Honda CBR 1000RR Forums banner

061Krr Suspension- Spend my Money

6K views 37 replies 11 participants last post by  Jaybird180 
#1 ·
I’m thinking about what I want to do to the suspension of my 06 1krr. My last round of suspension upgrades was on my 02 F4i and I was satisfied. I got a great deal on an Ohlins shock and Racetech compression Gold Valve kit and I got the forks done by Ed of Trackside Engineering. Ed put in some RT 1.0 springs and a GSXR Showa rebound valve with a custom shim stack. I did minor tweaks from where it was set when he sent it to me and I’ve never had a problem with the front end, except for when I let a hack twiddle with it at a trackday a couple years ago. I sent that Ohlins shock to Dan Kyle and he resprung it and sent it back to me. If an old email properly documents the situation, altogether including having a Honda dealer install a new swingarm thrown in the Ohlins deal was about $1,400.

I got my 1krr in July 2016 and I’ve had some teething pains with it, but thanks to my good buddy Will I was able to make at least 1 trackday weekend at the end of the 2016 season, and I’m happy about that. Will changed out the fork seals due to them leaking and I forgot to ask him what oil he used .
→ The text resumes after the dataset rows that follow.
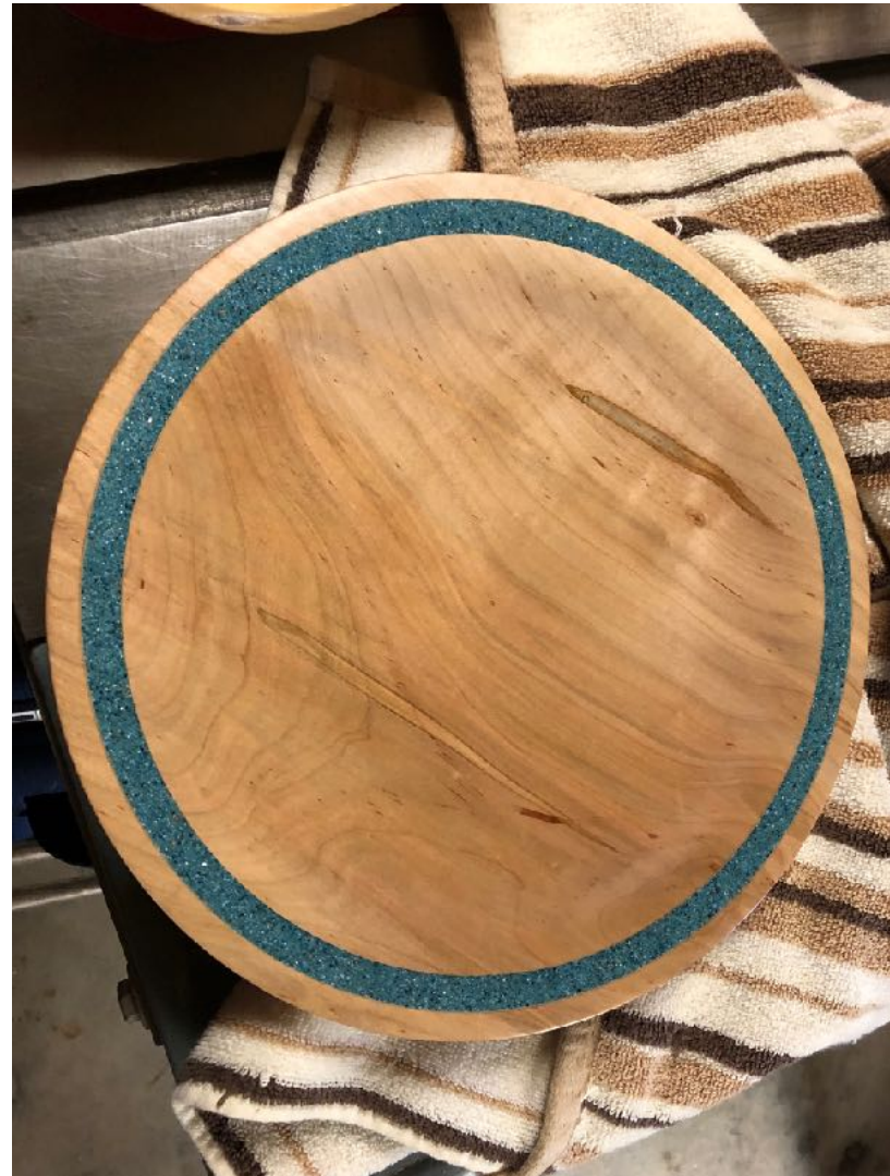
Opposite picture is turquoise inlay on maple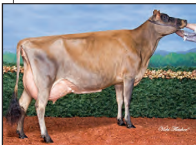
WAY-BON VINDICATION MARGARAT Great-Grandam to Lot 47

PLEASANT NOOK LEGACY MAGIC EX 90 (CAN) 4-03 305 2 16339 4.6 756 4.0 659 CAN 2128C 2ND 4-YEAR-OLD, 2015 BRANT-NORFOLK JERSEY PARISH SHOW MAPLE LEAF MARILYN-ET VG 86 (CAN) 2-02 296 2 13298 4.9 646 3.9 512 CAN 1745C PLEASANT NOOK MUST BE ONTIME-ET VG 85 (CAN) 1-10 296 2 13126 5.3 697 4.1 538 CAN 1864C MAPLE LEAF MIRANDA-ET VG 85 (CAN) 2-04 239 2 11437 4.8 549 3.8 437 CAN 1485C PLEASANT NOOK TEQUILA MIDSLIDE-ET VG 88 (CAN)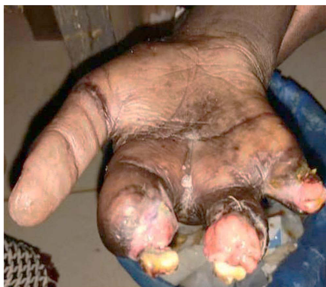
Figure 1 Right hand of the patient post middle finger amputation, demonstrating extensive digital ulceration.

Hand x-ray shows reduced bone density at the distal end of the radius and ulna, carpal bone, and metacarpophalangeal joint with a fracture in the index and ring fingers and an amputated middle finger (Figure 2).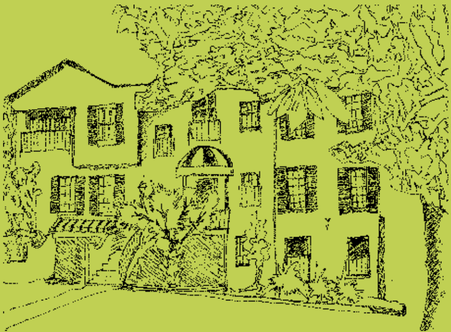
Ziller House 800 Edgecliff Terrace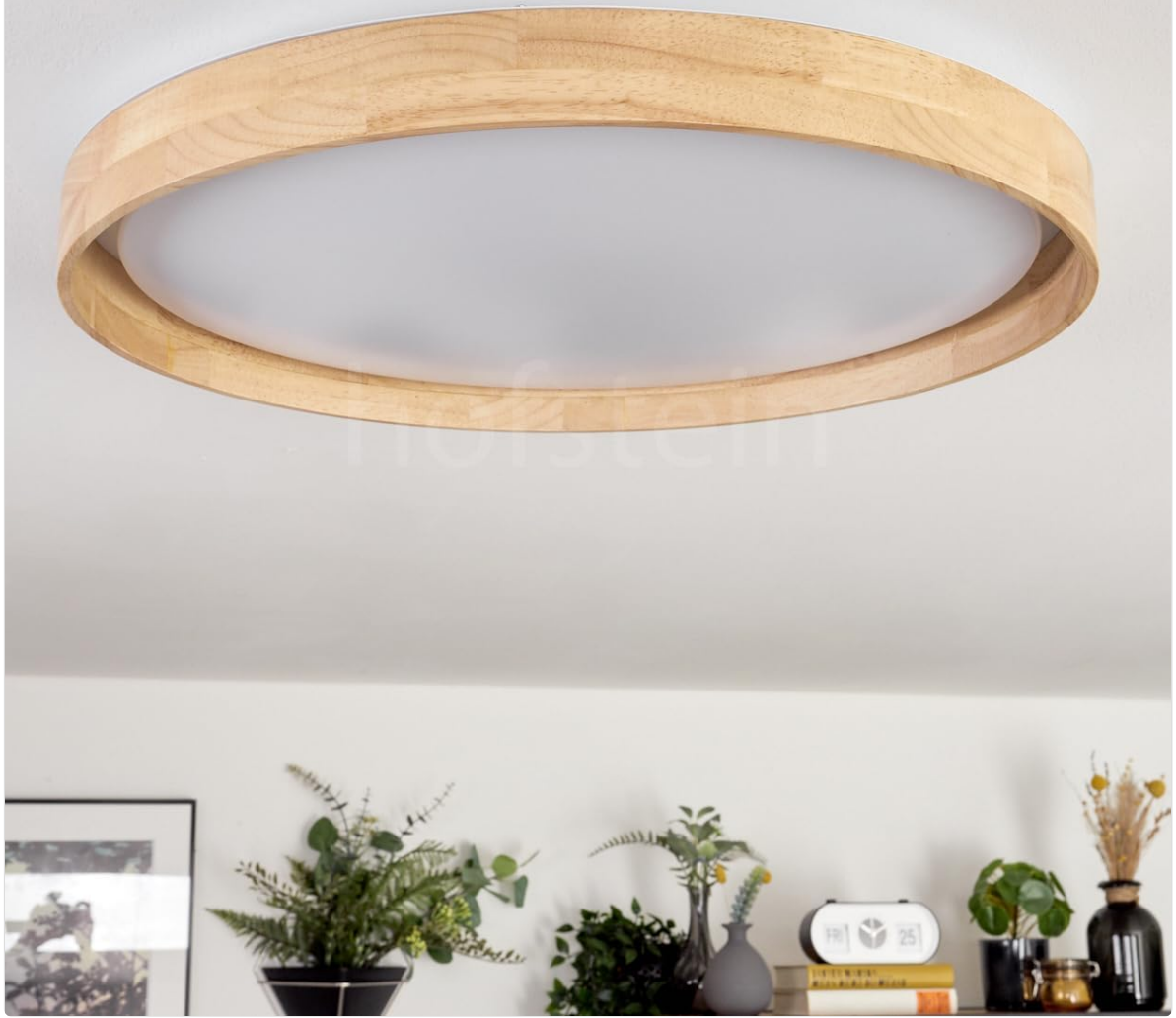
Warm White Light (approx. 2700K)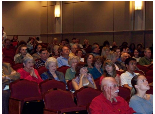
Premier Night Crowd Awaits Film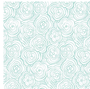
ONDES glacier 43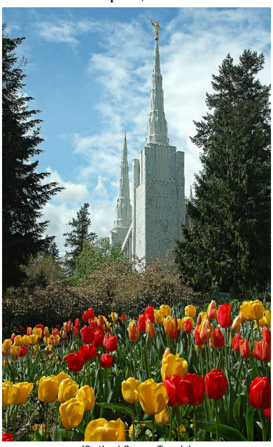
(Portland Oregon Temple)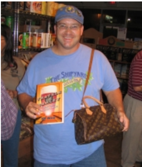
What me a handbag-carrying sissie boy... nooooooo!

Sadly I’ve never set sag on the 1k or turned any suspension knobs (I do think I know what I’m doing) because I wanted to see what was there based on feel/ performance, etc and I felt that the bike performed consistently on the street and track- can’t say the same for her pilot’s track manners.

Only undesirable track behavior I noticed was an occasional tendency to feel vague and/or to feel like it’s pushing the front in T5 at NCBike, which is a long sweeping left- a keyhole actually. There were also a couple instances of feeling a reluctance to steer in a couple corners.

I suspect that my 215lbs was too much for the rear end of the bike (at whatever setting it’s at) and a rear loaded geometry and insufficient throttle roll-on in T5 to get the bike’s rear to anti-squat could explain the handling “issues”.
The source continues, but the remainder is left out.